Perbandingan Sertifikasi Insinyur Indonesia dengan Praktik Internasional

Penelitian ini membandingkan sistem sertifikasi insinyur di Indonesia dengan tiga negara ASEAN: Malaysia, Singapura, dan Filipina. Negara-negara ini dipilih karena telah menerapkan sistem sertifikasi insinyur yang lebih matang dan diakui secara internasional.

Beberapa temuan utama dalam perbandingan ini adalah:

  • Malaysia telah memiliki Registration of Engineers Act 1967, yang secara jelas mengatur proses sertifikasi dan registrasi insinyur.
  • Singapura memiliki Professional Engineers Act, yang menetapkan proses akreditasi ketat dan mewajibkan registrasi ulang secara berkala.
  • Filipina menggunakan Republic Act No. 544, yang membatasi jumlah asosiasi profesi untuk meningkatkan efektivitas pembinaan dan sertifikasi insinyur.
  • Indonesia masih menghadapi kendala dalam harmonisasi peraturan, di mana terdapat perbedaan kebijakan antara Persatuan Insinyur Indonesia (PII) dan Dewan Insinyur Indonesia.

Ketidaksesuaian Sistem Sertifikasi Insinyur Indonesia

1. Dualisme Regulasi dalam Sertifikasi Insinyur

Di Indonesia, sertifikasi insinyur dikelola oleh dua lembaga utama:

  1. Persatuan Insinyur Indonesia (PII) – Mengeluarkan Surat Tanda Registrasi Insinyur (STRI) sebagai izin praktik.
  2. Lembaga Sertifikasi Profesi (LSP) – Mengeluarkan Sertifikat Kompetensi Kerja (SKK) bagi tenaga kerja teknik.

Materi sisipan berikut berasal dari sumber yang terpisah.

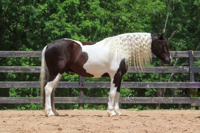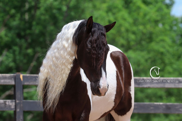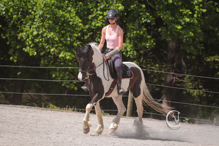 Princeton is a 6 year old Friesian x Paint Horse gelding standing 14.3 hands high. Princeton is absolutely one of a kind, and what every equestrian dreams of. He checks absolutely every box; Educated, experienced, kind, forgiving, safe, sensible, and above all, beautiful. He is simply dreamy, in every way! Absolutely any rider will be able to safely enjoy Princeton, and feel confident every step of the way! In the saddle, you will be smiling from ear to ear. He is the perfect horse to de-stress with, learn on, grow with, and enjoy for years and years to come. On the ground, you will fall in love instantly with his silly and sweet personality. He is always giving kisses, nuzzling you, and following you around the barn and fields. Princeton is a rare find, horses like him are truly once in a lifetime. Whether you want to bring home the blues in the show ring, hunt, hit the trails, or all of the above, Princeton is ready to be a tried and true parter with you!

Masalah yang muncul adalah banyak proyek konstruksi di Indonesia yang lebih mengutamakan SKK dibandingkan STRI. Akibatnya, banyak insinyur memilih SKK karena dianggap lebih praktis, sementara STRI yang seharusnya menjadi standar profesi tidak diakui secara luas.

2. Kurangnya Pengakuan terhadap Pengembangan Keprofesian Berkelanjutan (PKB)

Dalam praktik terbaik sertifikasi internasional, Pengembangan Keprofesian Berkelanjutan (PKB) menjadi syarat utama untuk perpanjangan sertifikasi insinyur. Di Indonesia, sistem PKB masih belum berjalan optimal. Beberapa masalah yang ditemukan meliputi:

  • Tidak adanya kewajiban pelatihan berkelanjutan untuk memperbarui sertifikasi.
  • Masa berlaku sertifikasi insinyur di Indonesia adalah lima tahun, sementara di negara lain biasanya satu hingga tiga tahun untuk memastikan bahwa insinyur selalu mengikuti perkembangan teknologi dan regulasi terbaru.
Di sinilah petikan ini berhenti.